Im Verkehr werden 26 Prozent der Energie
verbraucht, er ist für etwa 23 Prozent (6,3 Milliarden Tonnen
Kohlendioxid-Äquivalent pro Jahr) der energiebedingten Kohlendioxid-
Emissionen verantwortlich. Davon gehen drei Viertel auf den
Straßentransport zurück. Da insbesondere in Schwellenländern die
Motorisierung rasch zunimmt, erwartet der IPCC (4. Klimareport),
dass ohne eine andere Politik der verkehrsbedingte Energieverbrauch
und die damit verbundenen Kohlendioxidemissionen bis 2030 um 80
Prozent zunehmen. Techniken zur Verbrauchsreduzierung sind
erhältlich und teilweise schon im Markt verbreitet (sparsame
Dieselmotoren), teilweise noch wenig verbreitet (Hybridfahrzeuge).
Andere Techniken sind bekannt, aber noch nicht erhältlich (leichtere
Karosserien, rollwiderstandsarme Reifen, effizientere Pumpen). Bei
konsequenter Nutzung dieser Techniken könnten Neuwagen mit
konventionellem Antrieb bis 2030 ihren Energieverbrauch halbieren.

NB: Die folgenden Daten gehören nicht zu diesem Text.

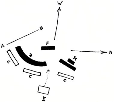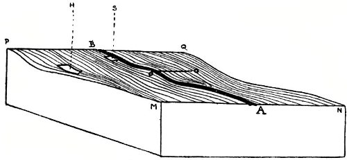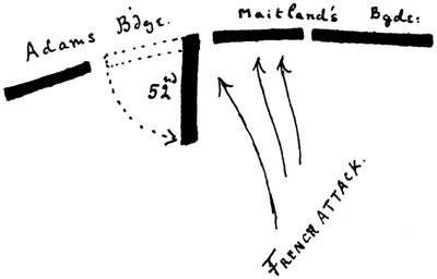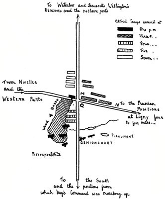 a second shallow valley falling away. This second valley does not precisely continue the direction of the first, but turns rather more to the north. In the first slight decline of this second valley, and a few hundred yards west of the road, lies the country-house called Hougomont, and just behind it lay the western end of Wellington’s line. The whole position, therefore, if it were cut out as a model in section from a block of wood, might appear as does the accompanying plan.

(Ob es so kommt, ist schwer abzuschätzen, da beim Autokauf der
Energieverbrauch nur eines von vielen Kriterien ist.) Das Potenzial
effizienter Elektroautos hängt von der Weiterentwicklung der
Batterietechnologie ab; ihre Klimafreundlichkeit von der Art der
Stromerzeugung. Dies gilt auch für die Erzeugung von Wasserstoff für
Brennstoffzellenfahrzeuge, die ebenfalls noch nicht marktreif sind.

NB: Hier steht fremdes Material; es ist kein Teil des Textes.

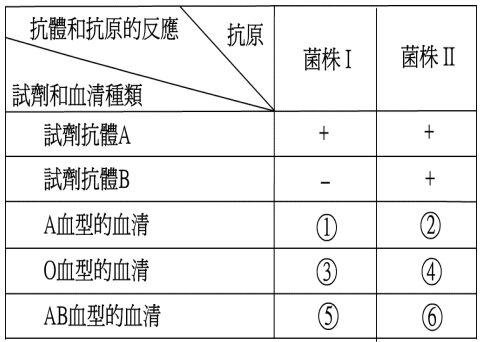 1. 李生使用鑑定人類ABO血型的兩種抗體試劑(抗體A和抗體B)和來自不同 血型人的血清,分別與兩株人類腸道菌 I和II進行抗體與抗原反應的測定。 實驗結果記錄在下表,其中以「+」表示抗原與抗體有反應, 「-」則表示沒有反應。根據下表結果回答下列問題。

Zu Verbesserungspotenzialen bei schweren LKW liegen laut IPCC
unzureichende Daten vor. Ein erhebliches Potenzial ist auch durch
eine Reduzierung des Mobilitätsbedarfs durch bessere
Infrastrukturplanung möglich.
>> mehr
auf der Seite Ein
nachhaltiges Verkehrskonzept
Ersatz fossiler Brennstoffe durch erneuerbare Energien
In Deutschland hat sich der Anteil erneuerbarer Energien innerhalb
weniger Jahre auf rund 13 Prozent der Stromerzeugung verdoppelt. Bis
zum Jahr 2020 soll der Anteil sich nach den Plänen der
Bundesregierung auf gut 27 Prozent erhöhen, auch der Anteil an der
Wärmeversorgung soll sich von heute 6 auf dann 14 Prozent erhöhen –
bei Neubauten sollen künftig 15 Prozent des Wärmebedarfs durch
Sonnenenergie gedeckt werden. Im Jahr 2050 sind laut der Studie
“Energiewende zur Nachhaltigkeit” ein Anteil erneuerbarer
Energiequellen von 50 Prozent möglich. Dagegen dürfen weltweit
höchstens 25 Prozent der Investitionen in konventionelle Kraftwerke
gesteckt werden, die fossile Brennstoffe verbrennen, wenn das
2-Grad-Klimaziel eingehalten werden soll (>> WBGU
2009).
>>
mehr auf der Seite >>
Erneuerbare Energien
In Gebäuden kann Warmwasser in vielen Bereichen
der Erde bereits heute zu einem unterschiedlichen Anteil
wirtschaftlich mit Sonnenkollektoren erhitzt werden; in heißen
Ländern kann Sonnenwärme mit Adsorptionskälteanlagen auch für die
Klimatisierung genutzt werden. Für die Deckung des Wärmebedarfs ist
in begrenztem Ausmaß auch Biomasse (etwa Biogas oder Holzpellets)
geeignet (>> mehr),
bei Stromerzeugung mit erneuerbaren Energien auch Wärmepumpen.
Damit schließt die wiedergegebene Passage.